I used to believe that all my dreams would come true. I wasn’t naive enough to think that everything would go the way I planned, but I was young and thought that if I worked hard and lived right, I could achieve everything I wanted. Setbacks were temporary. I was annoyingly confident. I was always able to come back from whatever life threw at me, because I believed everything would work out.
And you know, I think after Maddie died, I bounced back because it was habit – almost reflex. I also had Annie coming, and frankly, I was too numb to do anything else but bounce back. My optimism eventually returned, although not like it was before. And that would have been fine.
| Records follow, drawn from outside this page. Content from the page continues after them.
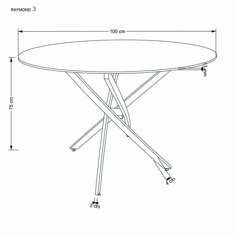 | Stół RAYMOND 3 to elegancki mebel, który doskonale wpisuje się w nowoczesne aranżacje wnętrz. Jego symetryczny design i użycie wysokiej jakości materiałów sprawiają, że przyciąga wzrok i staje się centralnym punktem każdego pomieszczenia. Idealny zarówno do jadalni, jak i salonu, jego wyjątkowa estetyka i funkcjonalność z pewnością spełnią oczekiwania nawet najbardziej wymagających użytkowników. - Wymiary: średnica 100 cm, wysokość 73 cm — idealny rozmiar dla 4 osób, umożliwiający komfortowe spożywanie posiłków.
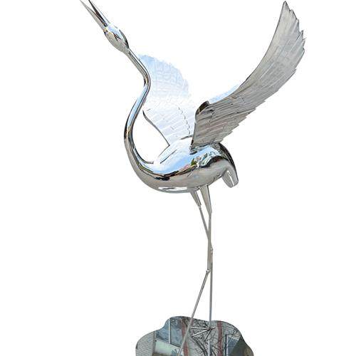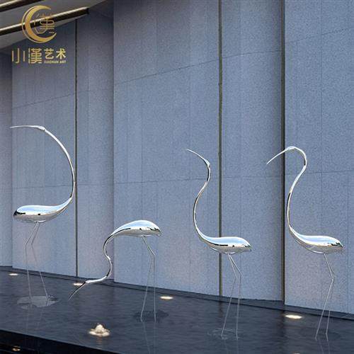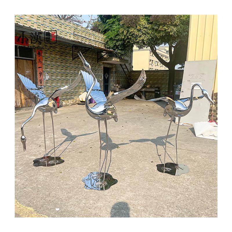 现货不锈钢仙鹤雕塑镜面草坪水池园林景观装饰抽象白鹭火烈鸟摆件
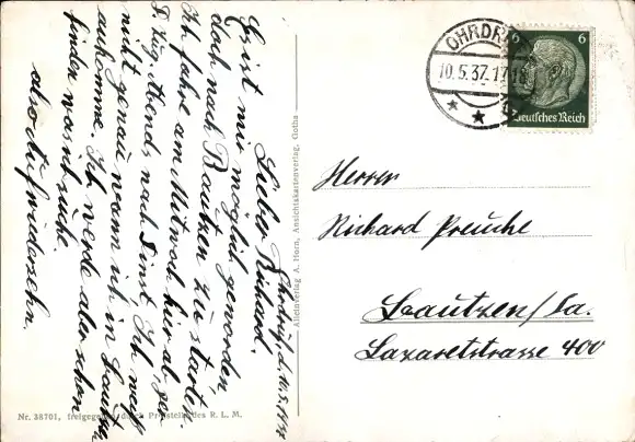 Zustand, siehe Scan, gelaufen, 1937 - ca 15 cm X 10 cm
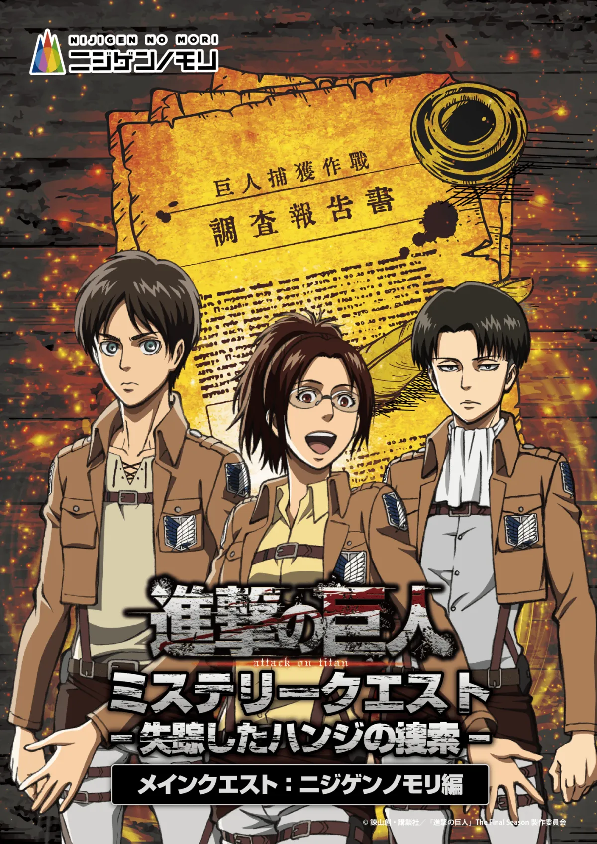 このコラボイベントは、2026年3月14日(土)から12月13日(日)までの期間限定で、実施されます。昼のイベントの第2弾として、4月25日(土)から新たに「進撃の巨人ミステリークエスト 失踪したハンジの捜索 メインクエスト:ニジゲンノモリ編」がスタートします。イベントのチケットは3月14日より販売が開始されます。
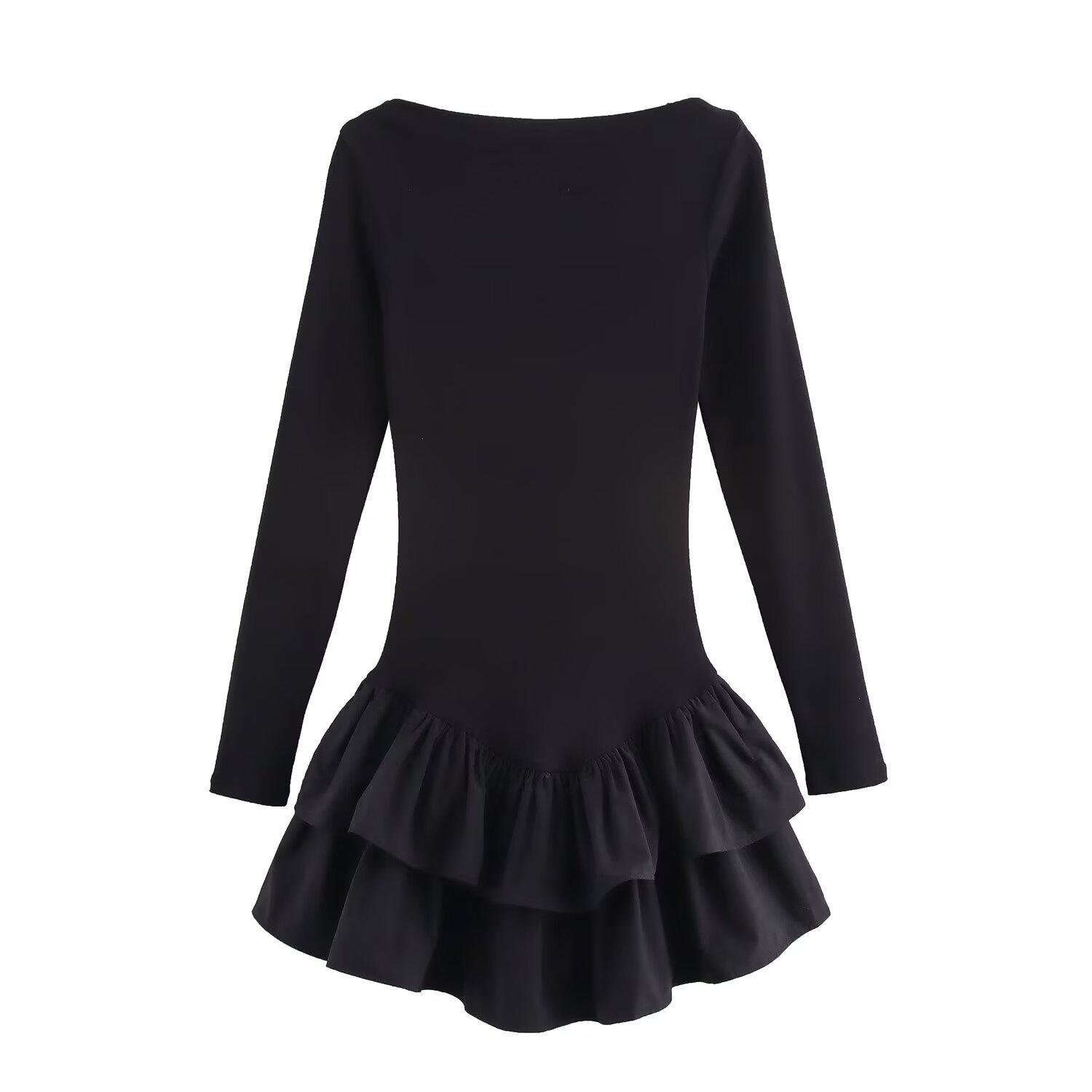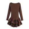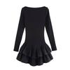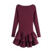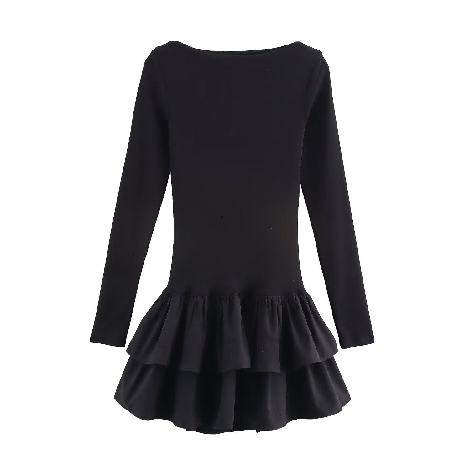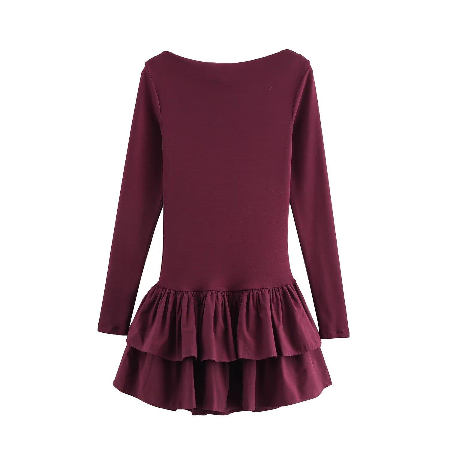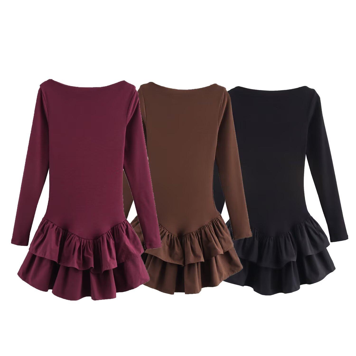 Ropa de Mujer Transfronteriza Europea y Americana 2025 Primavera Nuevo Cuello Redondo Manga Larga Color Sólido Decorativo por Capas Vestido Corto 0085308
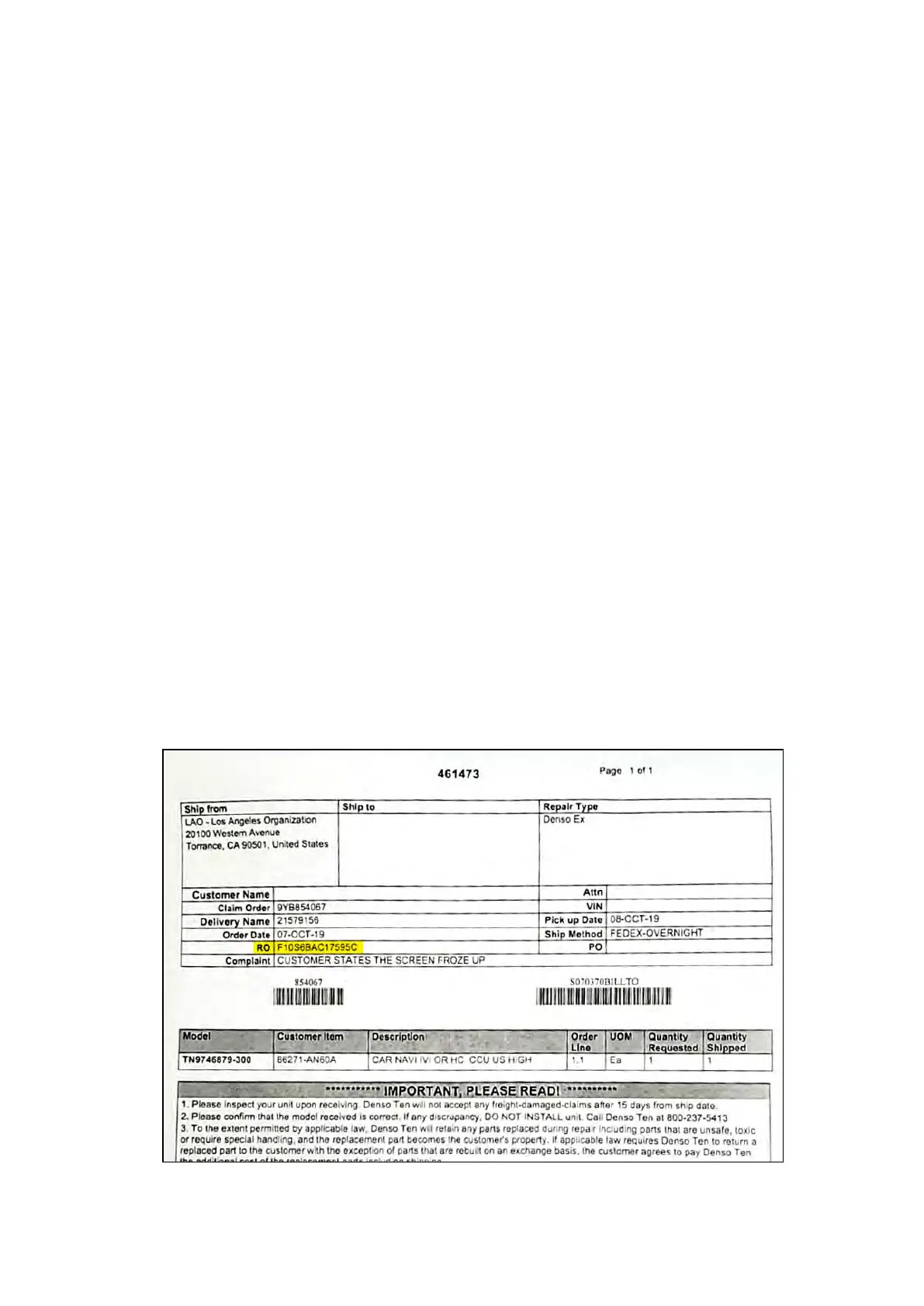 below) from the DENSO/Denso Ten exchange unit “Packing Slip” included with the delivery of every
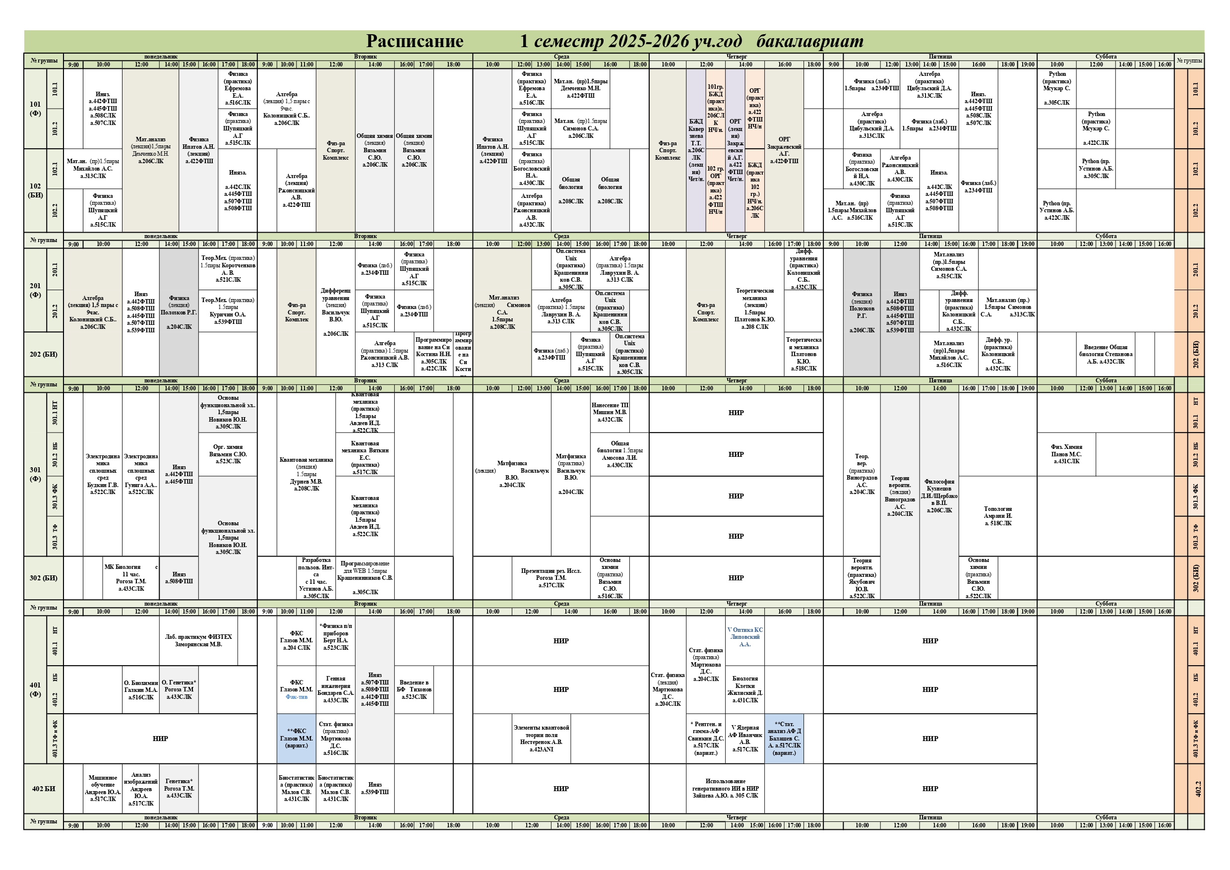 Расписание занятий студентов очной формы обучения на 1 семестр 2025-2026 учебного года (бакалавриат)
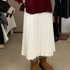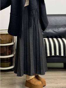 灰色中长款针织百褶裙女2025秋冬新款韩系百搭显瘦毛线半身裙子潮
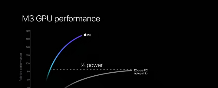▲ 在 M3 系列芯片发布时,苹果也提供相比竞争对手的 GPU 表现,大约仅需五分之一功耗即可达成相同运算效能。
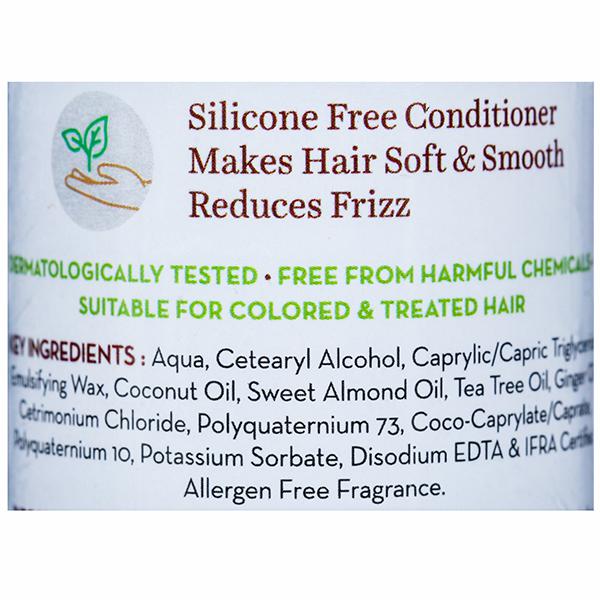 Product Information- Stimulate and renew your hair with an outlandish mix of Tea Tree and Ginger Oil that helps in reducing itch & irritation while contributing to the shine and smoothness of the hair and soothing dryness and itchiness. Mamaearth Tea Tree Conditioner is made using natural ingredients and makes sure that dandruff and excess oil are gently worked on & removed. Coconut oil present in the conditioner works like magic on dry and brittle scalp, making hair soft and smooth. Almond Oil nourishes and moisturizes hair while adding shine. Ginger Oil contributes to the health of the hair and soothes dryness. Safe for colored & chemically treated hair, this conditioner is free of harmful chemicals & toxins such as Silicones, Parabens, Mineral Oil, & Dyes.
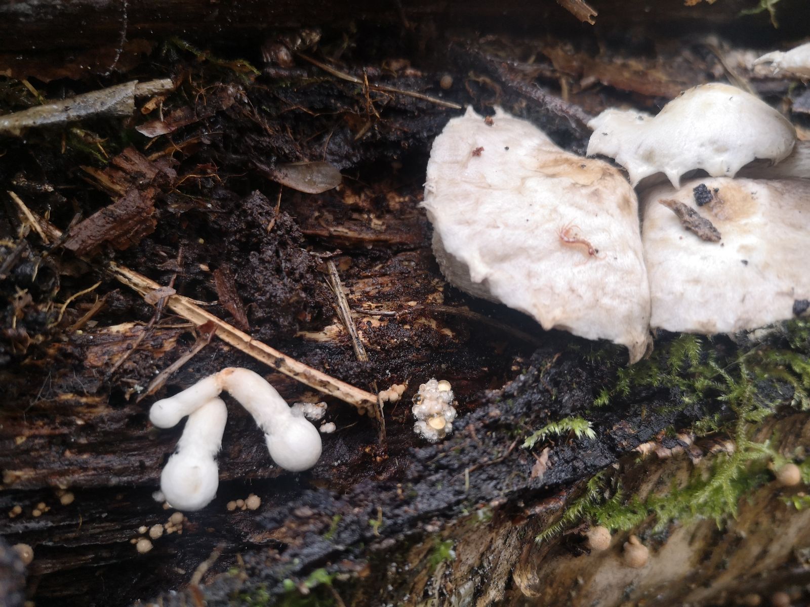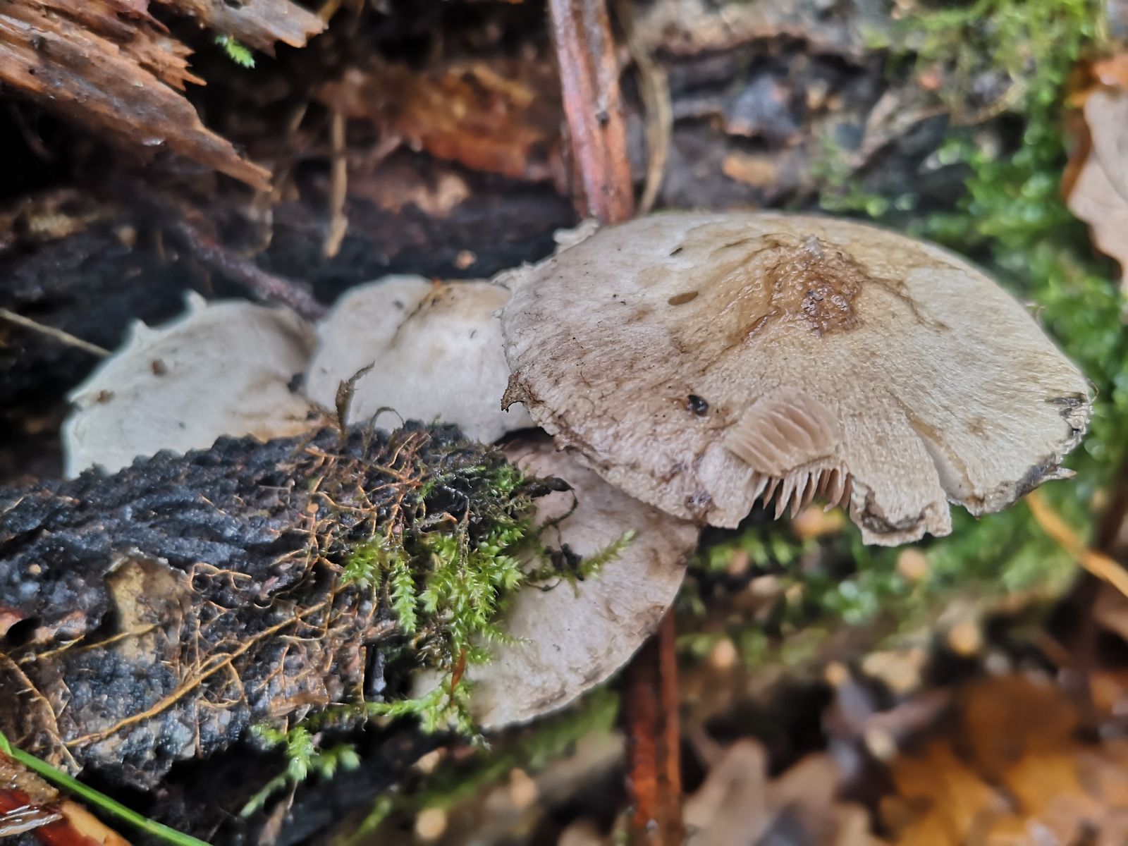 bei diesen an liegender toter Birke wachsenden Pilze bin ich mir ziemlich unsicher. Schönbuch bei Tübingen - Mischwald mit viel Fichte, Birke, Buche.
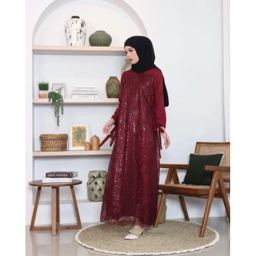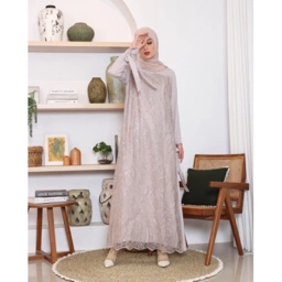 Material Brokat Premium mix Moscrepe. terdapat aksen tali yang dapat di ikat pita di bagian tangan.
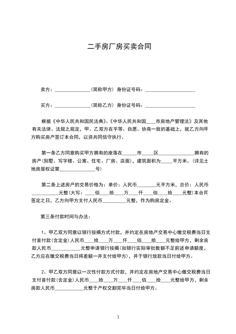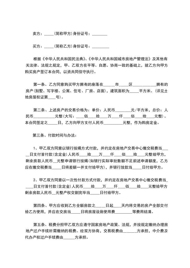 买方:_______________(简称乙方) 身份证号码:_____________________
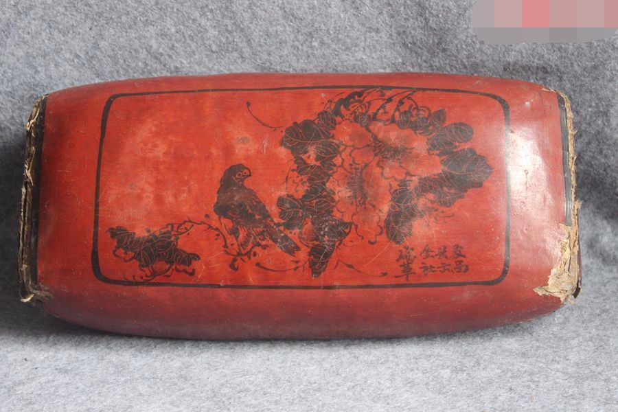 50s Ruijin County Leather Community Flowers Bird Plot for People's Service Slogan Leather Pillow 33cm ZZ 1650-Taobao
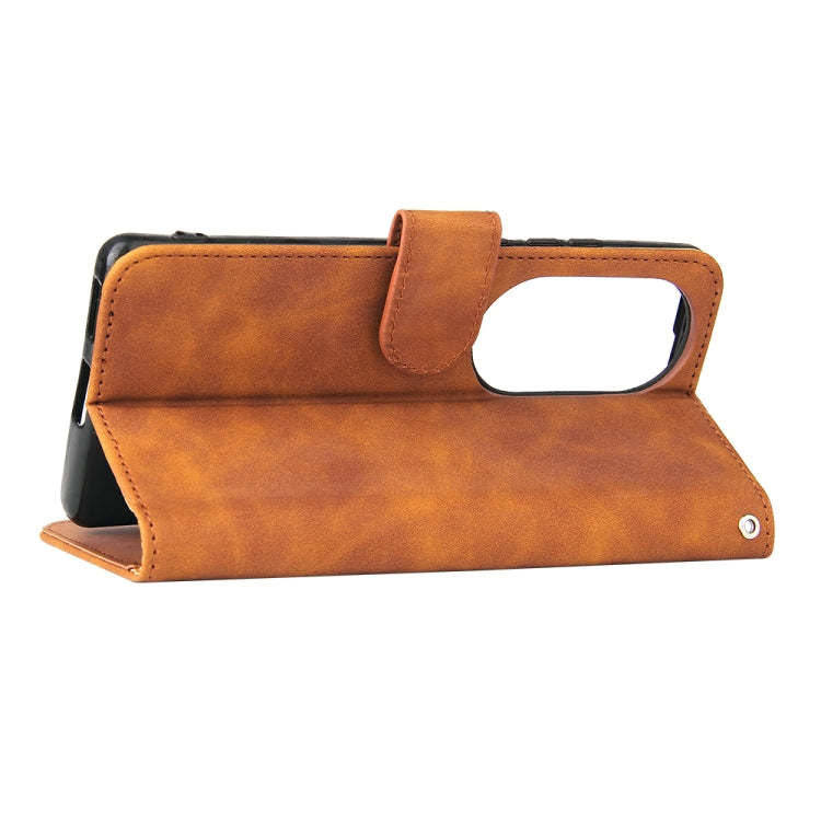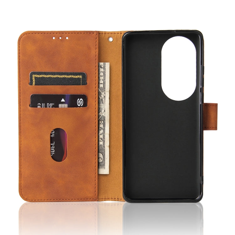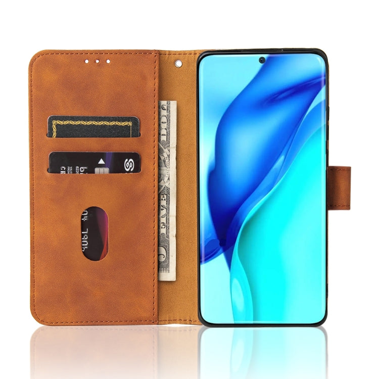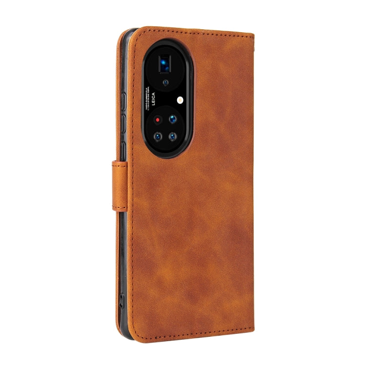 For Huawei P50 Pro Solid Color Skin Feel Magnetic Buckle Horizontal Flip Calf Texture PU Leather Case with Holder & Card Slots & Wallet(Brown)

But then my friend died, my aunt died, I miscarried, and Jackie died, and now my optimism is a shell of what it was.
I sometimes wonder what it would be like to completely give in and lose the shards of optimism I have left. Would it be easier? I am so bruised from all the bouncing back. I don’t want to do it anymore – don’t want to have to do it anymore, more precisely. But I know more bad things are waiting for me down the road, that’s how life works. And the old me is in there somewhere, saying, “You can do this. It’s just a setback. You’ll recover.”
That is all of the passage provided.